### What this task involves
Every line of the data should be written out exactly, with the pictures left out.

### Supplied data
------------
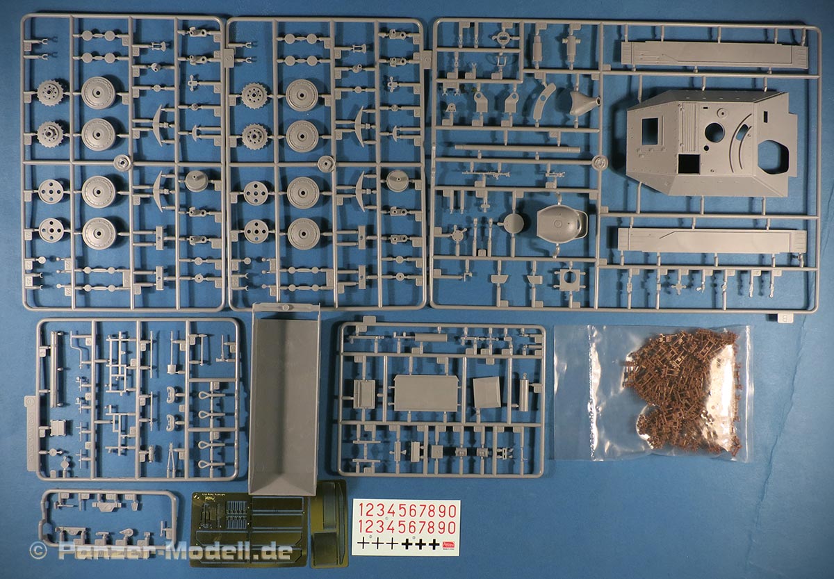 Im Karton finden wir 6 graue Spritzlinge, ein Beutel mit Kettengliedern in braunem Plastik, die Unterwanne, zwei PE Platinen und ein Decalbogen.
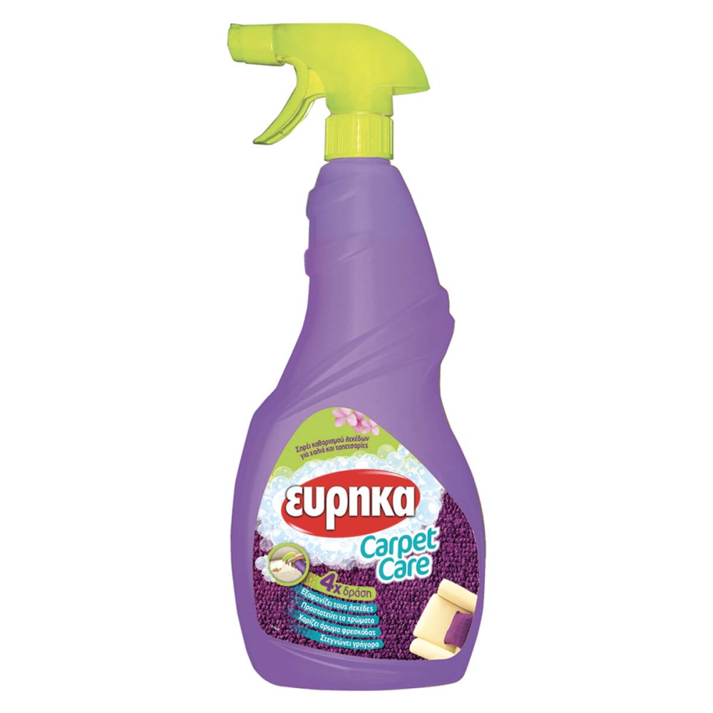 Το spray Εύρηκα Carpet Care με 4x δράση, διασπά και απομακρύνει ακόμη και τους πιο δύσκολους λεκέδες όπως λάδι, κρασί, σοκολάτα κλπ. εύκολα και γρήγορα από χαλιά, ταπετσαρίες, μοκέτες, καναπέδες και άλλες υφασμάτινες επιφάνειες που πλένονται. Στεγνώνει γρήγορα, προστατεύει τα χρώματα, και χαρίζει άρωμα φρεσκάδας.
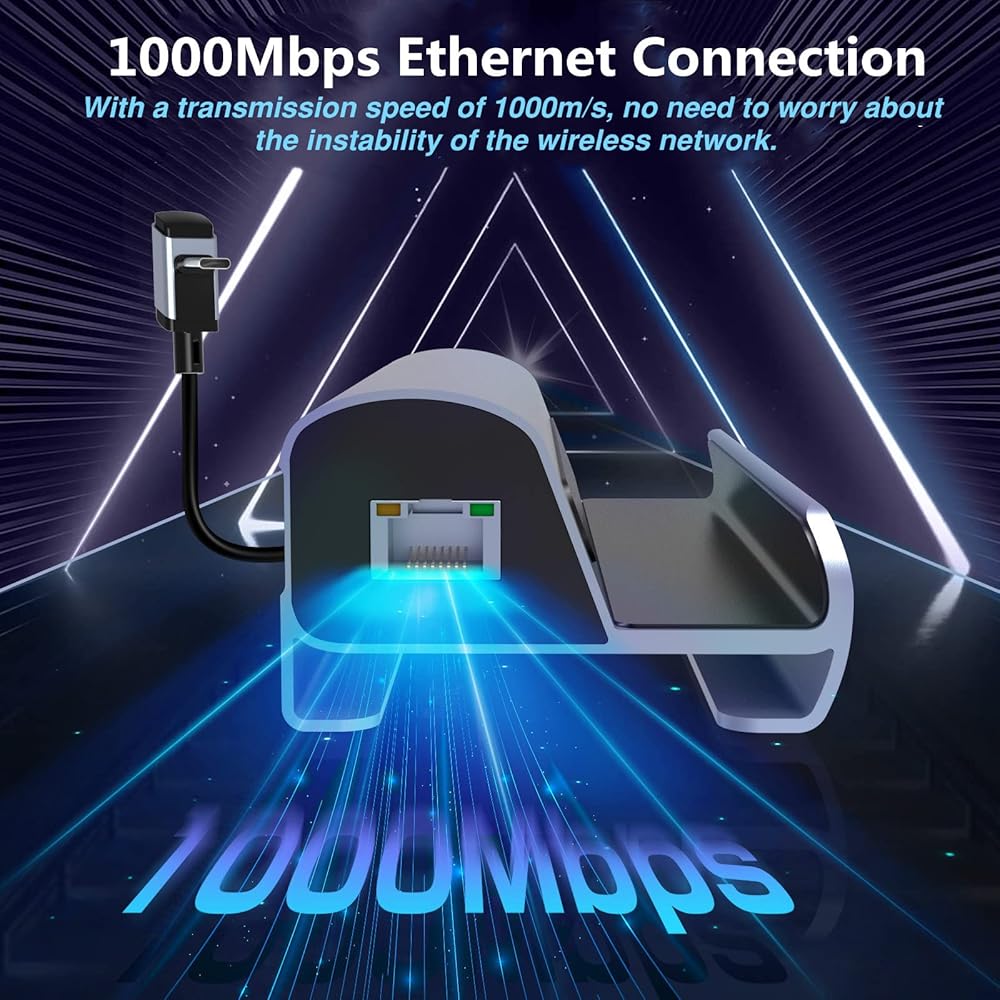 Stable networking and fast data transfer The Steam Dock has Gigabit Ethernet, supporting speeds of up to 1Gbps, and three USB 3.0 ports (speeds of up to 5Gbps), transferring files in seconds. Supports connections to multi-player game controllers, external hard drives, mice, keyboards and more.
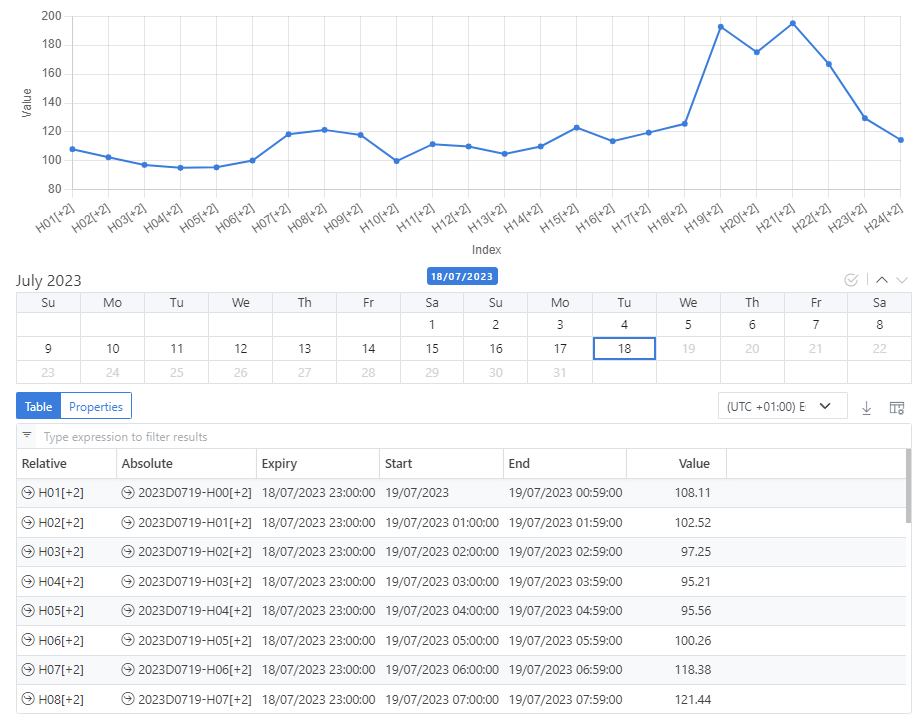 Screenshot from the OpenDataDSL portal of an hourly forward curve
------------
### Solution for this task
 Im Karton finden wir 6 graue Spritzlinge, ein Beutel mit Kettengliedern in braunem Plastik, die Unterwanne, zwei PE Platinen und ein Decalbogen.
 Το spray Εύρηκα Carpet Care με 4x δράση, διασπά και απομακρύνει ακόμη και τους πιο δύσκολους λεκέδες όπως λάδι, κρασί, σοκολάτα κλπ. εύκολα και γρήγορα από χαλιά, ταπετσαρίες, μοκέτες, καναπέδες και άλλες υφασμάτινες επιφάνειες που πλένονται. Στεγνώνει γρήγορα, προστατεύει τα χρώματα, και χαρίζει άρωμα φρεσκάδας.
 Stable networking and fast data transfer The Steam Dock has Gigabit Ethernet, supporting speeds of up to 1Gbps, and three USB 3.0 ports (speeds of up to 5Gbps), transferring files in seconds. Supports connections to multi-player game controllers, external hard drives, mice, keyboards and more.
 Screenshot from the OpenDataDSL portal of an hourly forward curve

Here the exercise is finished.